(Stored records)
******
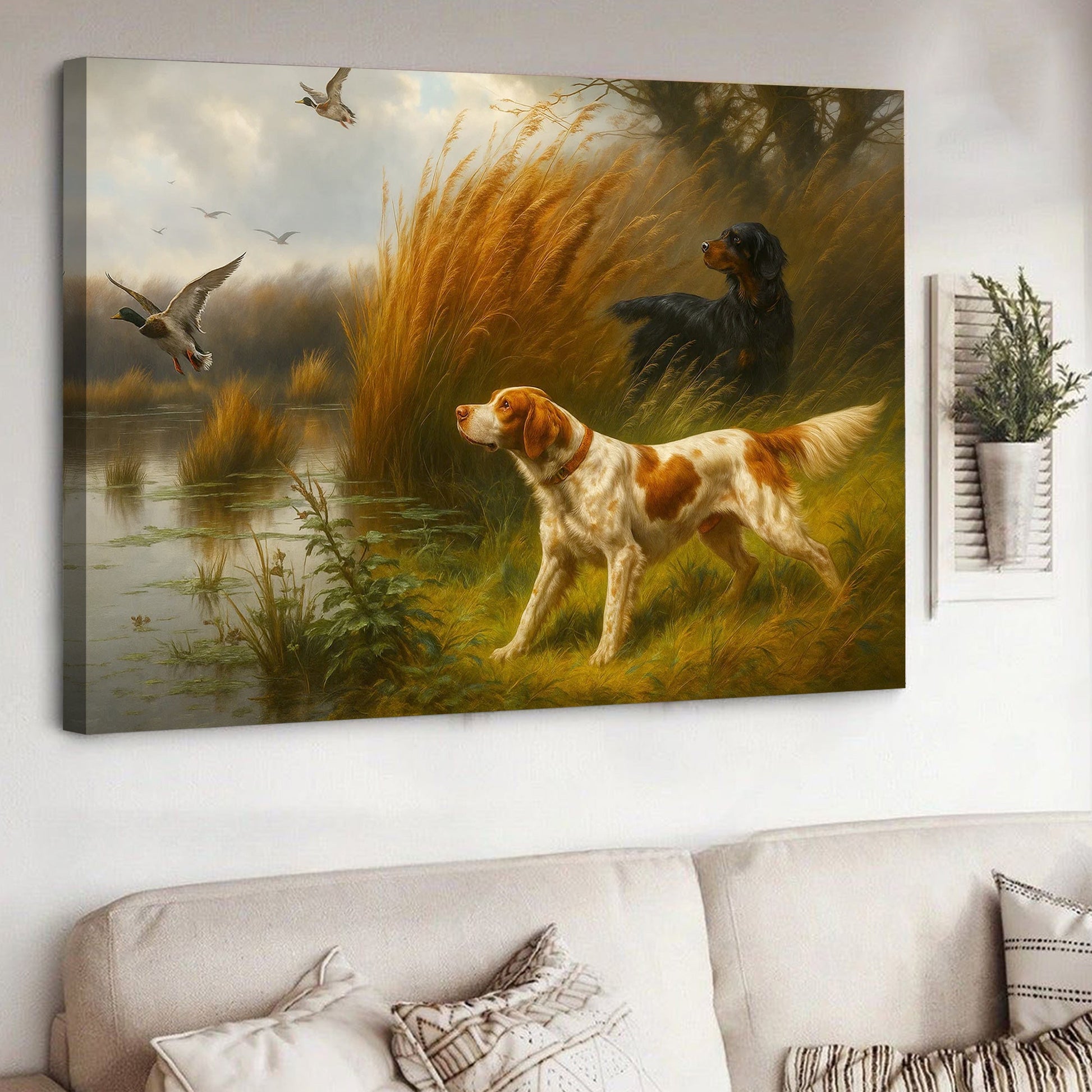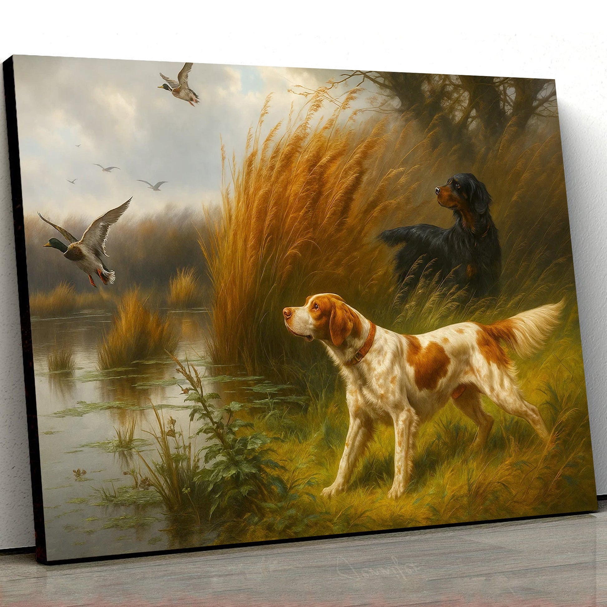 Hunting Dogs and Mallards Canvas Wall Art – Rustic Wildlife Scene – Perfect Lodge or Cabin Decor
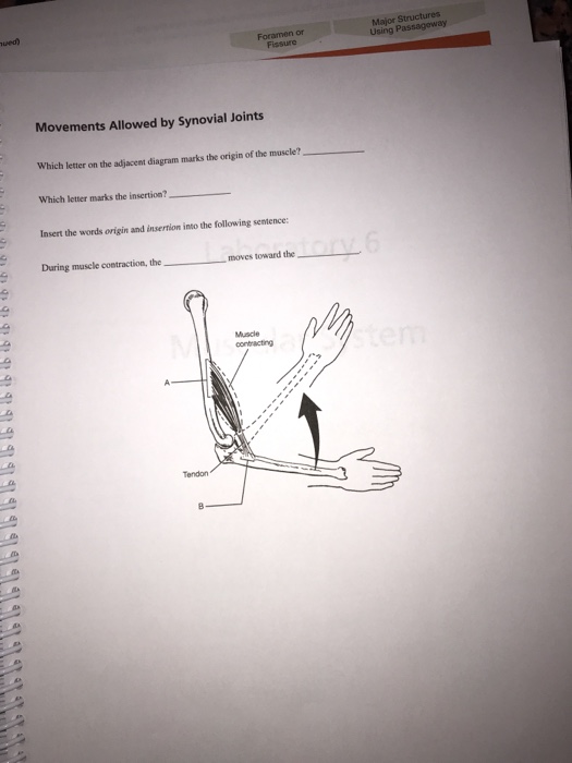 2. 3, 9. In which direction does the shoulder usually dislocate? Movements Allowed by Synovial Joints 10. Which letter on the adjacent diagram marks the origin of the musele? Which letter marks the insertion? Insert the words origin and insertion into the following Muscle contracting sentence During musle contraction, the toward the Tendon Editor’s note: Replace figure with one that includes all muscles from table for example figure 10.7 from Marieb or 9.8 from Amerman. The orbicularis oris is a circular muscle that moves the lips, and the orbicularis oculi is a circular muscle that closes the eye. The occipitofrontalis muscle elevates the scalp and eyebrows. The muscle has a frontal belly and an occipital belly (near the ... Which Letter Of The Adjacent Diagram Marks The Origin Of The Muscle. (Correct Answer Below). Reveal the answer to this question whenever you are ready. Which letter of the adjacent diagram marks the origin of the muscle? Which letter marks the insertion? Insert the words origin and insertion into the following sentence: During muscle contraction, the moves toward the. 11. Complete the descriptions below the diagrams by inserting the type of movement in each answer blank. Origin Insertion ...
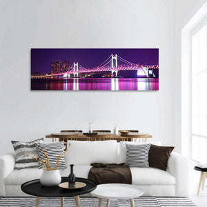 A panoramic cityscape of the Gwangan Bridge at night, showing illuminated cables, a glowing skyline, and reflections on the water. The purple and pink palette creates a vibrant, electric metropolitan mood that works well in modern living rooms and contemporary offices.
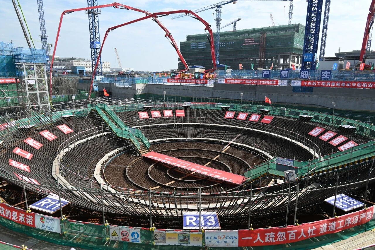 2号核岛基础长约89.1米、最宽处49.1米,预计浇筑混凝土总量6635.5立方米,为难度较高的大体积混凝土浇筑。作为项目总承包方,上海核工院基于“向技术要一切”的创新理念,在前序项目和1号机组的基础上持续开展施工优化:首次实现核岛底板周边全范围“逆作法”施工,降低外墙钢筋密集区振捣难度;实现插筋全范围落底,化解浇筑阶段的偏位风险;对梯笼及脚手架通道布置进行优化,能够有效提升浇筑效能,保障浇筑质量。
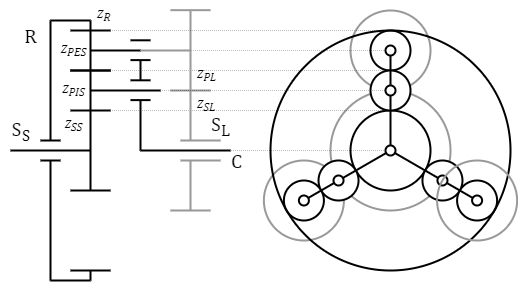 - Large and small sun gears SL and SS with tooth number ZSL and ZSS
******
**Assignment:** Where an entry holds a picture, leave the picture out and output the rest exactly.

**Exercise result:**
 Hunting Dogs and Mallards Canvas Wall Art – Rustic Wildlife Scene – Perfect Lodge or Cabin Decor
 2. 3, 9. In which direction does the shoulder usually dislocate? Movements Allowed by Synovial Joints 10. Which letter on the adjacent diagram marks the origin of the musele? Which letter marks the insertion? Insert the words origin and insertion into the following Muscle contracting sentence During musle contraction, the toward the Tendon Editor’s note: Replace figure with one that includes all muscles from table for example figure 10.7 from Marieb or 9.8 from Amerman. The orbicularis oris is a circular muscle that moves the lips, and the orbicularis oculi is a circular muscle that closes the eye. The occipitofrontalis muscle elevates the scalp and eyebrows. The muscle has a frontal belly and an occipital belly (near the ... Which Letter Of The Adjacent Diagram Marks The Origin Of The Muscle. (Correct Answer Below). Reveal the answer to this question whenever you are ready. Which letter of the adjacent diagram marks the origin of the muscle? Which letter marks the insertion? Insert the words origin and insertion into the following sentence: During muscle contraction, the moves toward the. 11. Complete the descriptions below the diagrams by inserting the type of movement in each answer blank. Origin Insertion ...
 A panoramic cityscape of the Gwangan Bridge at night, showing illuminated cables, a glowing skyline, and reflections on the water. The purple and pink palette creates a vibrant, electric metropolitan mood that works well in modern living rooms and contemporary offices.
 2号核岛基础长约89.1米、最宽处49.1米,预计浇筑混凝土总量6635.5立方米,为难度较高的大体积混凝土浇筑。作为项目总承包方,上海核工院基于“向技术要一切”的创新理念,在前序项目和1号机组的基础上持续开展施工优化:首次实现核岛底板周边全范围“逆作法”施工,降低外墙钢筋密集区振捣难度;实现插筋全范围落底,化解浇筑阶段的偏位风险;对梯笼及脚手架通道布置进行优化,能够有效提升浇筑效能,保障浇筑质量。
 - Large and small sun gears SL and SS with tooth number ZSL and ZSS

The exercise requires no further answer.